-- Data extracts follows --

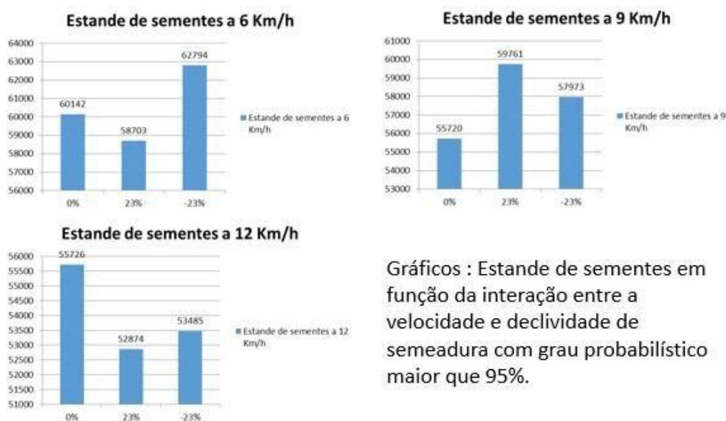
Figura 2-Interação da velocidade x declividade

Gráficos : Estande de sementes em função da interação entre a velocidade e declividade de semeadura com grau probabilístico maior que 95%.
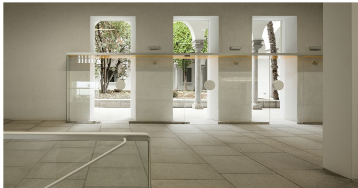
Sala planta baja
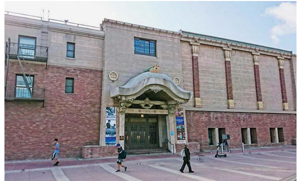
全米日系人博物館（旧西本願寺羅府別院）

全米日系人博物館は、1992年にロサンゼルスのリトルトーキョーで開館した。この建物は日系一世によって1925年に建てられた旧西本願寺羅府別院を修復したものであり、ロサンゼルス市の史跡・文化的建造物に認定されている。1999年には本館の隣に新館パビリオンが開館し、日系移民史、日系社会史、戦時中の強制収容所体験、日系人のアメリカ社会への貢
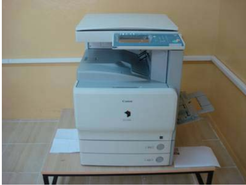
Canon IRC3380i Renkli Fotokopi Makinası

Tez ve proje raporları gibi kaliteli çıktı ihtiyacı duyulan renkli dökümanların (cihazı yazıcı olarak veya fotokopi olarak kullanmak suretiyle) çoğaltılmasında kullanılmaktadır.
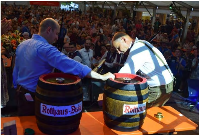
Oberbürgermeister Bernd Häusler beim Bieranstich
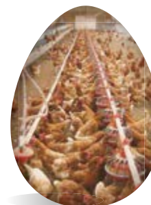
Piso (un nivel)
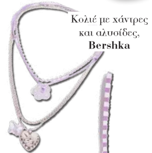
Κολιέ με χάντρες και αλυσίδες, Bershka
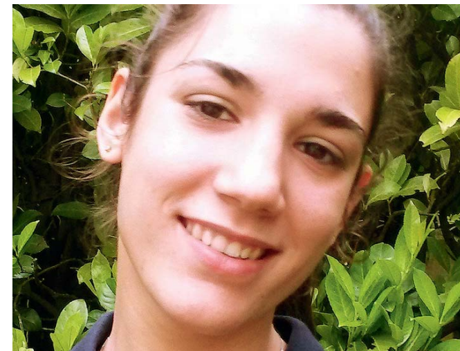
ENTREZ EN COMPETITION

-- Data extracts concluded --
-- Data extracts follows --

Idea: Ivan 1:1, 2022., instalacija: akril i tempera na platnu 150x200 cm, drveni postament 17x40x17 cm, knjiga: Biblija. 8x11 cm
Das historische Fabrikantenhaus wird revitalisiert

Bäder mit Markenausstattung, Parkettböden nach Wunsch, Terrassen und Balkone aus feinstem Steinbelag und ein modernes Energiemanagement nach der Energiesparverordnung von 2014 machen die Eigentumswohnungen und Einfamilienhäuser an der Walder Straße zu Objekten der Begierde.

-- Data extracts concluded --
-- Data extracts follows --

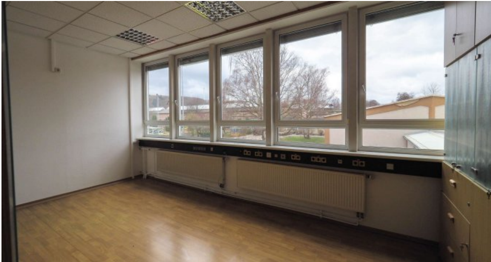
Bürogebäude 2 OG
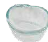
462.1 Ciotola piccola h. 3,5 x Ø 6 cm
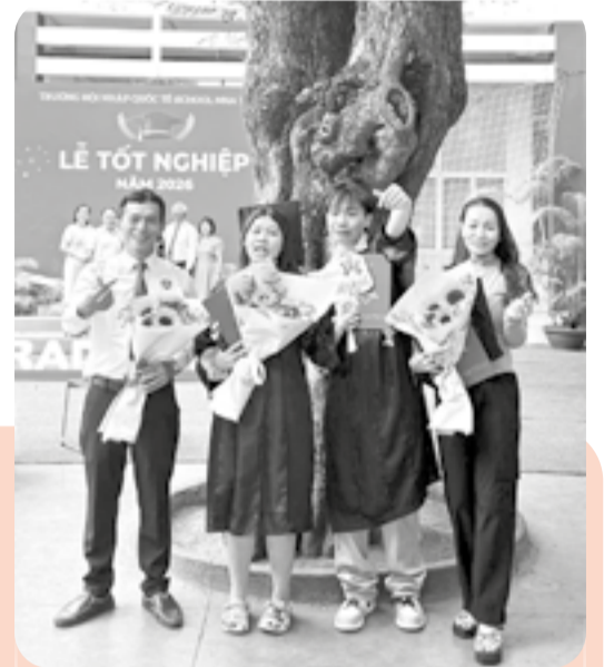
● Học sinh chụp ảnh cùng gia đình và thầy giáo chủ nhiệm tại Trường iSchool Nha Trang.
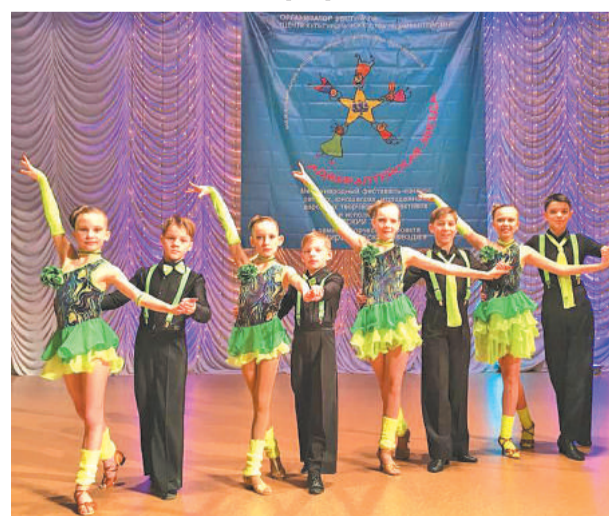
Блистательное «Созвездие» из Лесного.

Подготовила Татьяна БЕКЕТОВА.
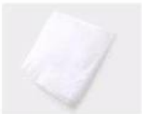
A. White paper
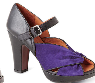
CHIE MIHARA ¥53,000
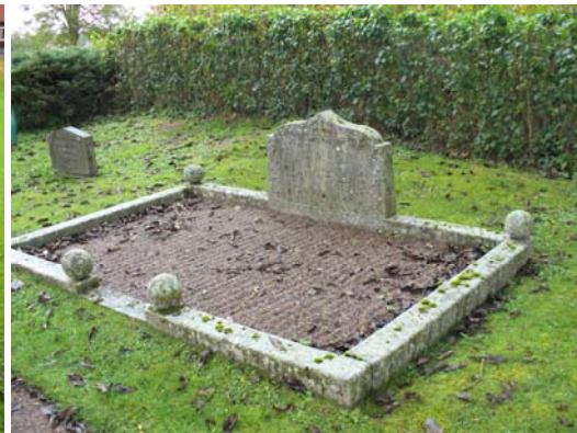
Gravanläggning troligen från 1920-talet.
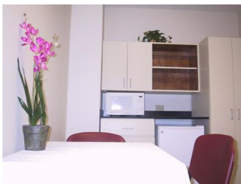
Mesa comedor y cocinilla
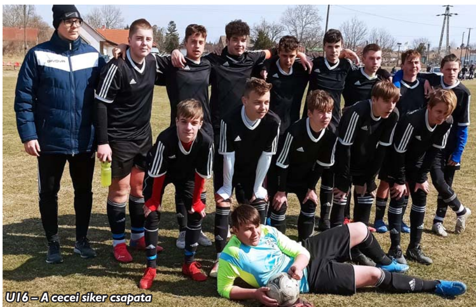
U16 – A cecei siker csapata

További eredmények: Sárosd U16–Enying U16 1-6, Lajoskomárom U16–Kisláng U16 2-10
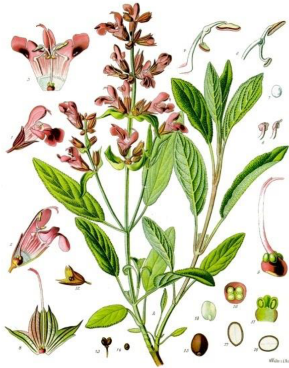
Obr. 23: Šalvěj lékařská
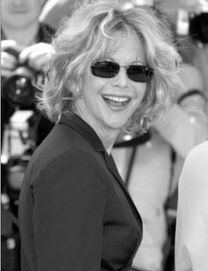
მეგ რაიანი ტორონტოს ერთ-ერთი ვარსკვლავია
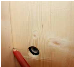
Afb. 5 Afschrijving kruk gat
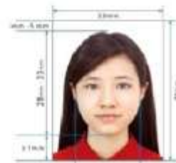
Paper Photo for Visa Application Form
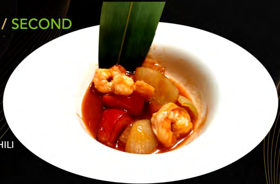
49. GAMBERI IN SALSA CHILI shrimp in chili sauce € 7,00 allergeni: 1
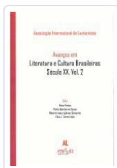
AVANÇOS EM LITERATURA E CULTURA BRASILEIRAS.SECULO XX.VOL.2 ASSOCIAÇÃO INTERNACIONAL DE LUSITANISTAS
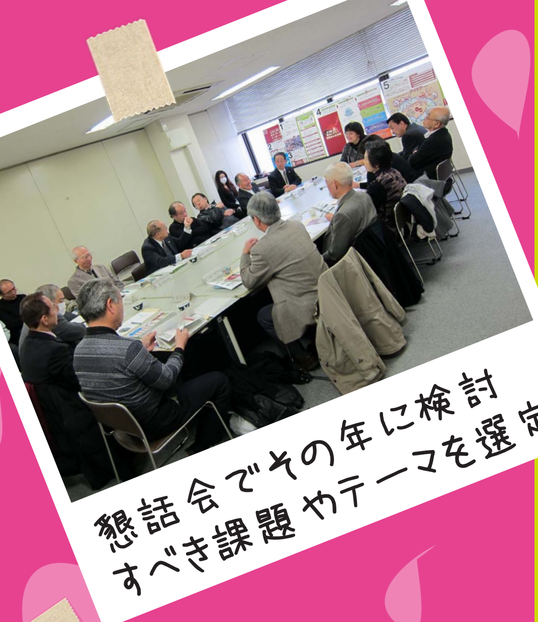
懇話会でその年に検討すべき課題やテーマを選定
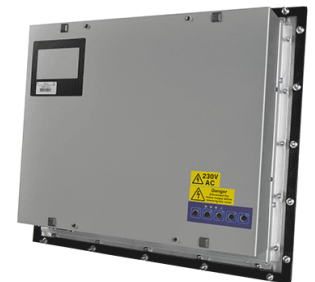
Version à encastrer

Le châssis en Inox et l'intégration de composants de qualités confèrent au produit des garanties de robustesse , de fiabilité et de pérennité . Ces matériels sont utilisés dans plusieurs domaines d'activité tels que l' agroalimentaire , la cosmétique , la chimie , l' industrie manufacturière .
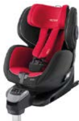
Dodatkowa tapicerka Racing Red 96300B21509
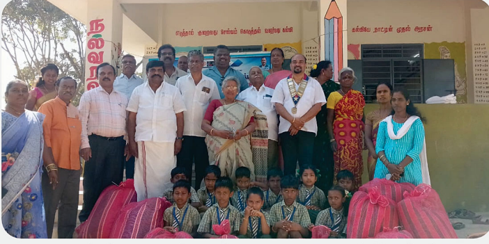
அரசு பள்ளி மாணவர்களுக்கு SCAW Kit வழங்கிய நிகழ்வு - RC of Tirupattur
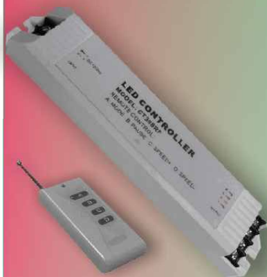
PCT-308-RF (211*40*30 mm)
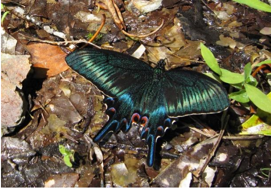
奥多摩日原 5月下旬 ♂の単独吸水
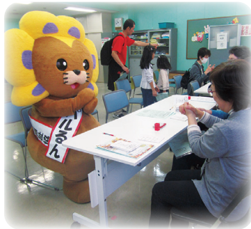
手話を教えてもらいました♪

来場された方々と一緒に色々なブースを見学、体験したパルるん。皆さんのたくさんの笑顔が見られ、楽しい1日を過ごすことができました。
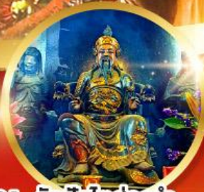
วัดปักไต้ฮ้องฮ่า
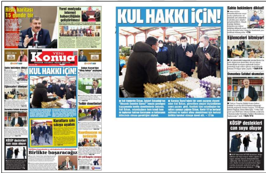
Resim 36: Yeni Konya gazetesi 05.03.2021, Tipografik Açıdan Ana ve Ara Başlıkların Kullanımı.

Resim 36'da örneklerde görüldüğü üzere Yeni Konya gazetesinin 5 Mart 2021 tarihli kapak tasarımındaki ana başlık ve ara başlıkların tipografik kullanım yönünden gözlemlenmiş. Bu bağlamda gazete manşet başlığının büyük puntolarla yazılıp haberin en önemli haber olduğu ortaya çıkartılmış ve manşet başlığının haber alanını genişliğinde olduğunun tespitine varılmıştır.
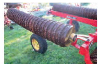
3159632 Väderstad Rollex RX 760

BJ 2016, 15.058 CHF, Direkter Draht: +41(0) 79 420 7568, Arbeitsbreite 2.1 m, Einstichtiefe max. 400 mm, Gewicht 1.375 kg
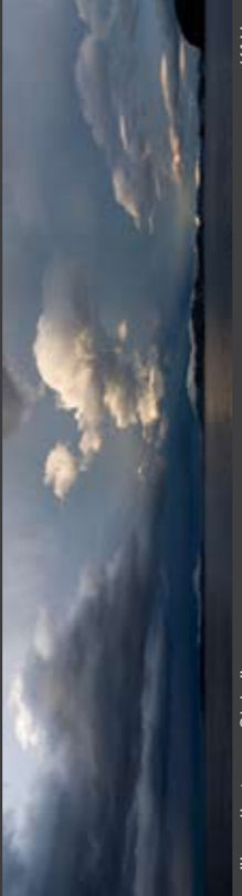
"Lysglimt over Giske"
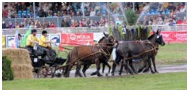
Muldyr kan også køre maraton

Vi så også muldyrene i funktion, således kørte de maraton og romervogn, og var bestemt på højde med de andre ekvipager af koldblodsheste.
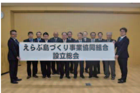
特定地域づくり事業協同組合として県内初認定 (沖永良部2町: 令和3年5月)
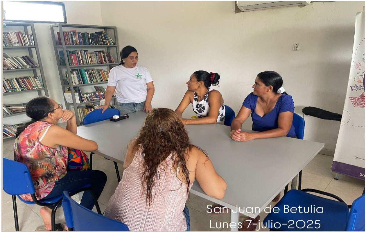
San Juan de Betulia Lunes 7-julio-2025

-- Data extracts concluded --

◆ Task instructions: Please copy out every line of the preceding listing that carries "også".

◆ Result:
Muldyr kan også køre maraton
Vi så også muldyrene i funktion, således kørte de maraton og romervogn, og var bestemt på højde med de andre ekvipager af koldblodsheste.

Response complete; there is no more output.